## REQUIRED WORK:
Could you write out the listing below exactly as it stands, leaving out the pictures?

## COLLECTED DATA:
◇ ◇ ◇

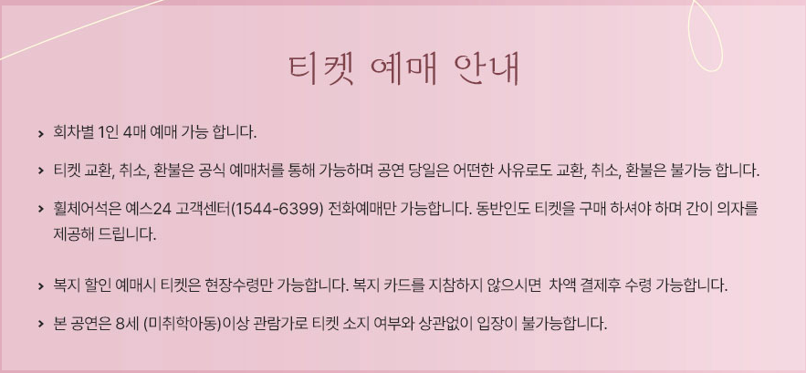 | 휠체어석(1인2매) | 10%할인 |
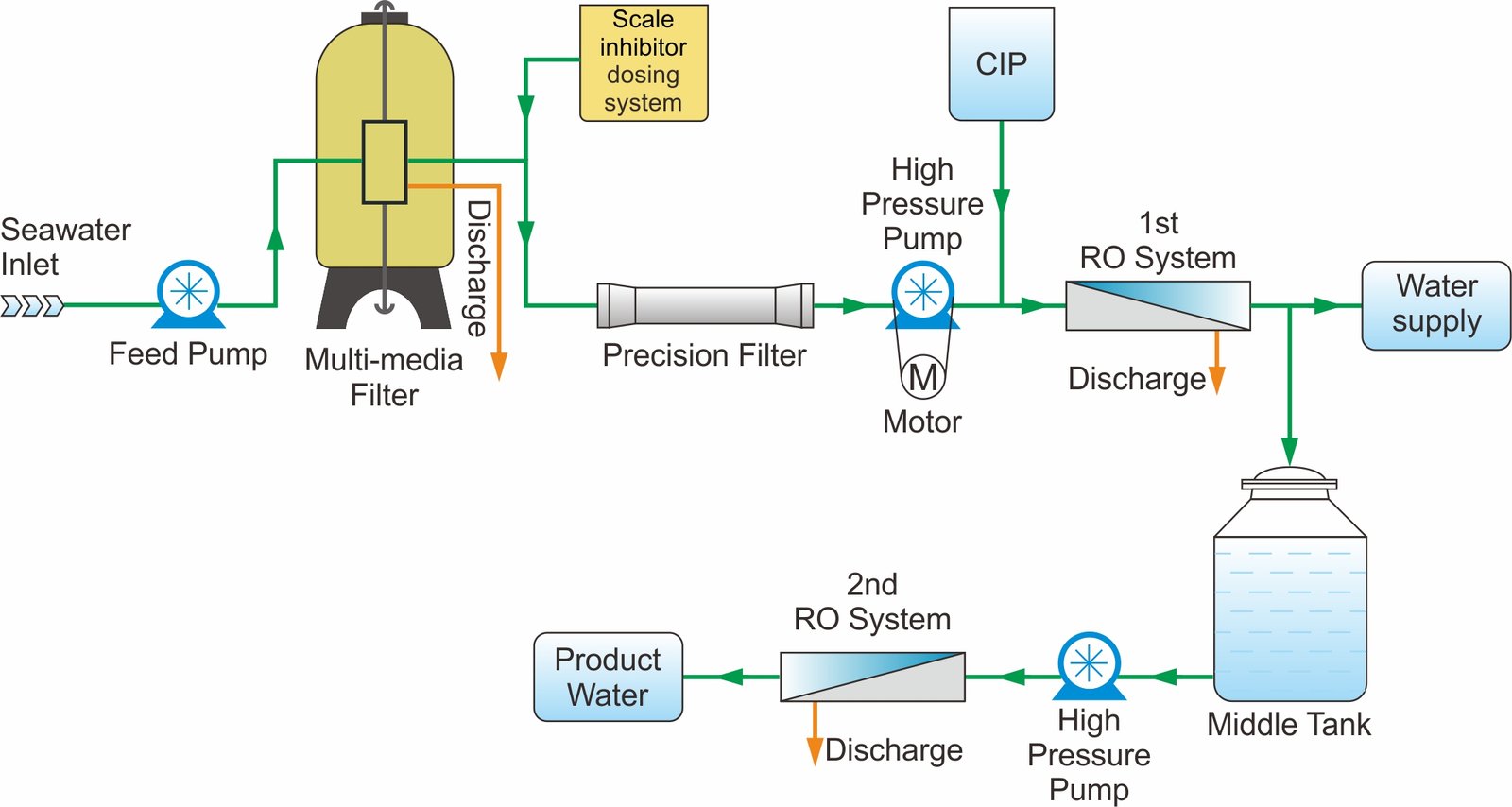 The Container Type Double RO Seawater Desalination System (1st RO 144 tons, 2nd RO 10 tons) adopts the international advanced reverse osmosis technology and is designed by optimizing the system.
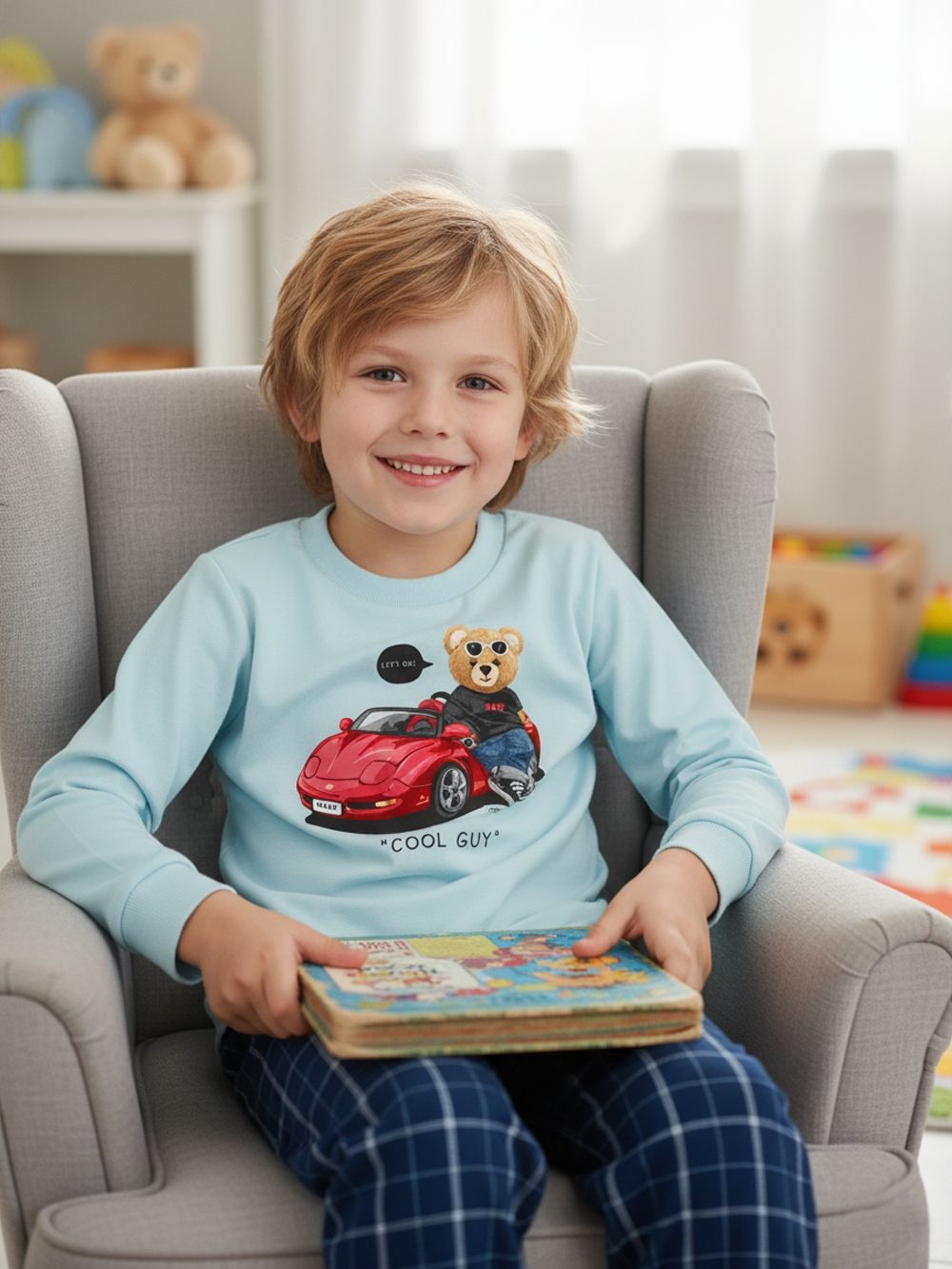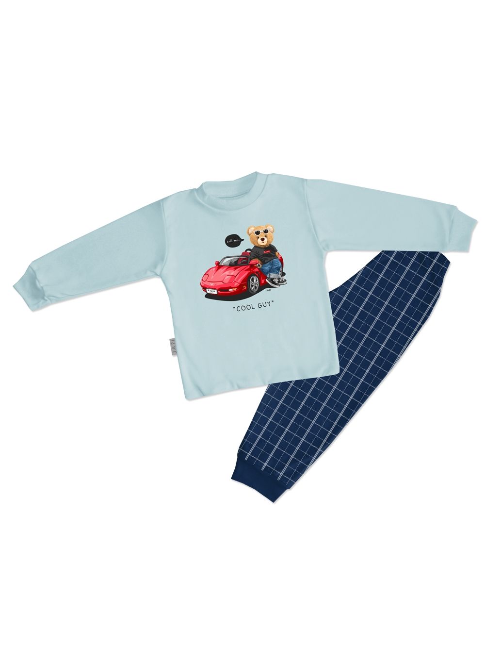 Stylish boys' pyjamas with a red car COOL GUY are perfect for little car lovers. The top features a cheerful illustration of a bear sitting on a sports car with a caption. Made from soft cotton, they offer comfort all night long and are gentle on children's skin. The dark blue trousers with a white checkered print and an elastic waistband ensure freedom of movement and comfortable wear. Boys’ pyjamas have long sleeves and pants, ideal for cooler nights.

◇ ◇ ◇

## ANSWER:
 | 휠체어석(1인2매) | 10%할인 |
 The Container Type Double RO Seawater Desalination System (1st RO 144 tons, 2nd RO 10 tons) adopts the international advanced reverse osmosis technology and is designed by optimizing the system.
 Stylish boys' pyjamas with a red car COOL GUY are perfect for little car lovers. The top features a cheerful illustration of a bear sitting on a sports car with a caption. Made from soft cotton, they offer comfort all night long and are gentle on children's skin. The dark blue trousers with a white checkered print and an elastic waistband ensure freedom of movement and comfortable wear. Boys’ pyjamas have long sleeves and pants, ideal for cooler nights.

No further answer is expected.